Painting By Eleanor Douglass

Painting by Eleanor Douglass


One of the contacts over the summer (2007) was from a gentleman who was researching Eleanor Douglass on the internet and found my articles about her. He wanted to let me know that he has one of Eleanor Douglass’ paintings. He graciously sent me the above photo of it. He noted that he is an avid collector of American arts and crafts decorative arts and just loves the painting. (It looks like it has found a wonderful home.)

This gentleman, who preferred that I not use his name, said that he picked it up in an antique shop in Frederick, MD about ten years ago and that it is in a marked Charles Rholfs frame which is dated 1903. He further added that Rholfs was one of the leading arts and crafts furniture makers and from Buffalo, NY.

The year 1903 fits well into the time period that Eleanor was living in her little house in Willink, near East Aurora, and exhibiting in the Buffalo art shows. This painting is typical of those Eleanor painted and similar to the ones her second cousin, Carl Ahrens, patinted. Eleanor and Carl spent some months painting together on the Saugeen Indian reservation near Southampton, Ontario. They were related on the Gaukel side of the family. (Eleanor’s mother was Polly Gaukel)

If you would like to see some of Carl’s paintings, visit this website.

3 thoughts on “Painting By Eleanor Douglass

  1. I am a relative of Eleanor Douglas. My grandmother was Helen (Douglass) Richardson, the youngest sister of Silas Douglass. As I grew up, Grandma had two paintings of Eleanor Douglas’s in her livingroom, and my mother also had one of her paintings. I don’t know what happened to my grandmother’s paintings after her death in 1996 because my uncle, her son, and I had had a falling out and have not reconnected. My mother’s painting, however, is now in my possession. From what I remember of those other two Douglases and from what I’ve found on the internet about her, this painting is quite moody and dark, but it is signed in the lower left-hand corner. While I am an art enthusiast–probably the only one in my family at present–I am far from being a connoisseur. I need to find out how to insure the painting and at what cost. How do I go about doing that? I now live in Nanaimo, British Columbia, Canada. Please advise.

    • Hi A.J.
      I must apologize for my delay in responding to your comment on my website. From August through October I was on the road for weeks at a time and I only recently got back to my genealogy. In fact I just found your comment this morning.
      You must be happy to have an Eleanor Douglass painting. It is a part of our family treasure, I would say, though I have no idea what its value on the open market would be. You would need to know the value or get an estimate. Perhaps a local museum curator would be able to help you with an estimate or send you to someone who could. Then as to insurance, home owner insurance policies can provide a rider to cover an artifact of value. The cost would depend on the value of the article of course. Even though we love Eleanor’s paintings, I do not think it would be highly valued (I could be wrong)
      What you do have is good provenance, in other words, you know personally where it came from as it was in your family. Sometimes that is important in establishing art value. That is about the extent of my knowledge on the subject.
      So good to hear from you and to know I have a relative in Nanaimo. I have a son in Seattle, so perhaps we can meet some day.

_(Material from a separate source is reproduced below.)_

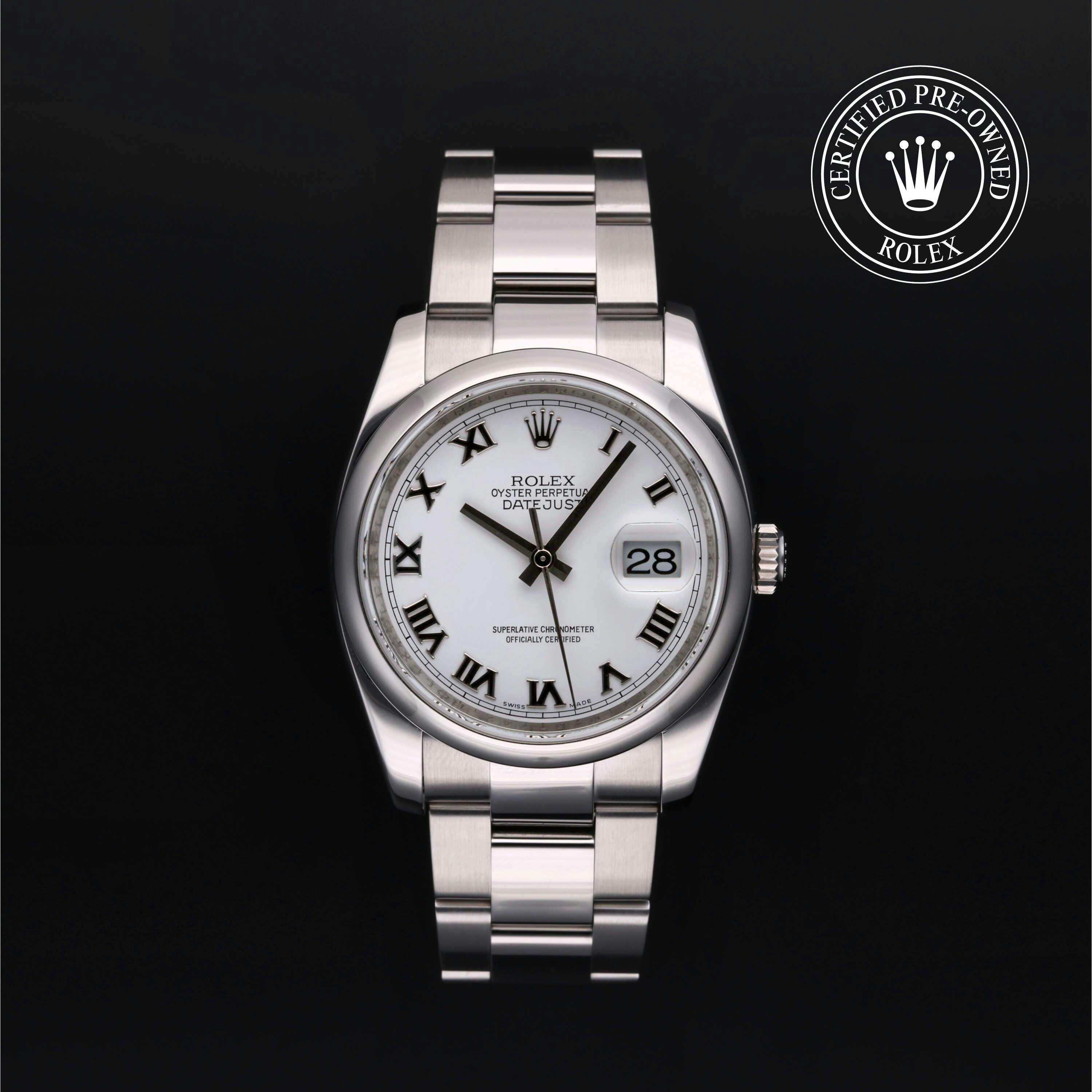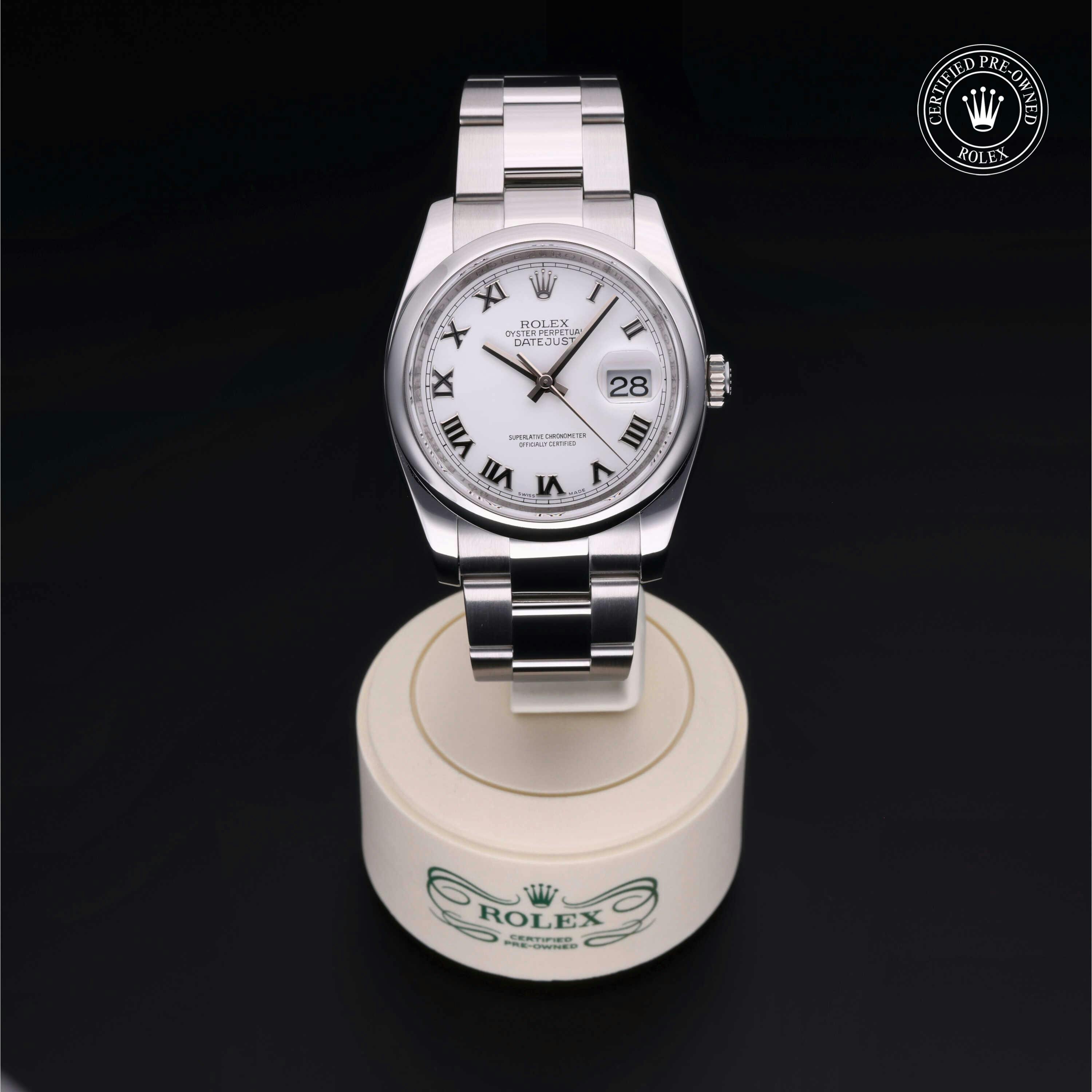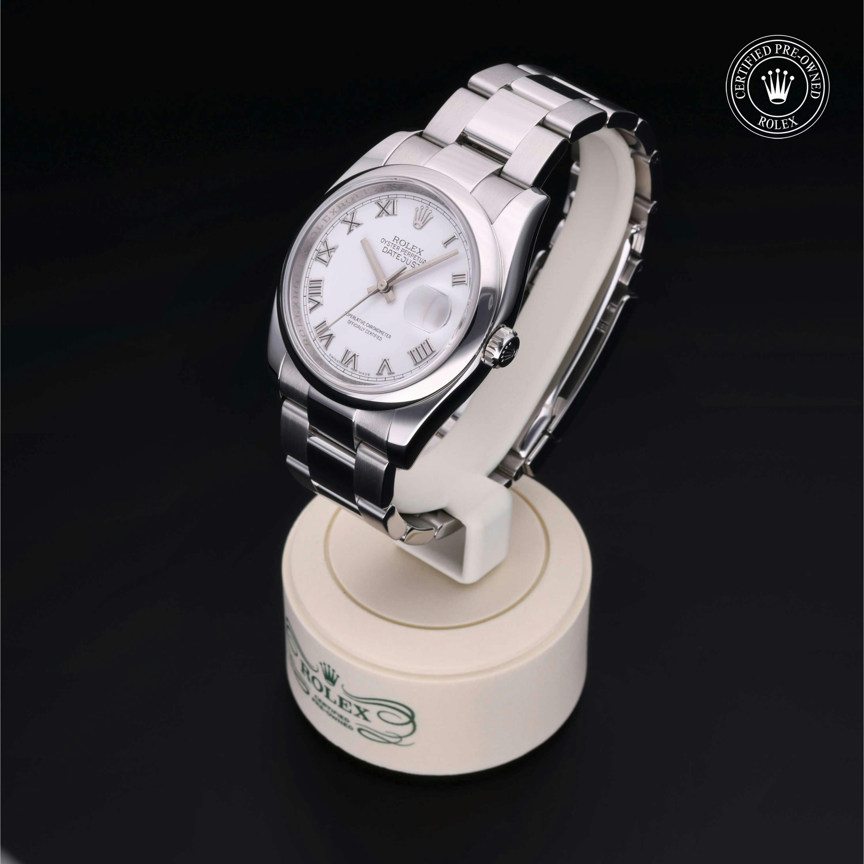 Rolex Certified Pre-Owned Datejust (116200) self - winding automatic watch, features a 36mm stainless steel case and domed bezel surrounding a white dial on a stainless steel oyster bracelet. Functions include hours, minutes, seconds and date. This watch has received Rolex-authorized service and certification. It does not come with the original box or papers, but includes a custom Rolex Certified Pre-Owned hang tag, travel pouch and RCPO international warranty card.

  2. Thank you for your message. I wasn’t bothered at all by the wait. I am, however, glad that you made it home safely from your travels.

    I did talk to an art dealer in Victoria, B. C.–one of considerable reputation, I found out after the fact–who said that, indeed, the painting isn’t even worth insuring separately from the rest of the household goods. Without having seen the painting itself, he estimated the insurance value at no more than $500 Canadian for a large canvas, and this one is actually quite small. Alas.

    I am glad to have it, nonetheless. Few people in my family have the appreciation for art that I inherited from my grandmother, and I am quite fond of this one. It would be nice to see it get a home back in the Douglass family after my time on Earth, however. My daughter doesn’t share my enthusiasm for art in general, let alone this painting. So if we could keep in touch, I would very much appreciate it. It may be that she could deliver it to your children in years to come. That will, of course, be her decision, but I would rather get it back into the family than have it sold at auction.

    You may also google my name to find out more about me. I am a writer and musician, and, since my immediate family and I have trouble relating to one another, perhaps a more distant relative is “just what the doctor ordered.”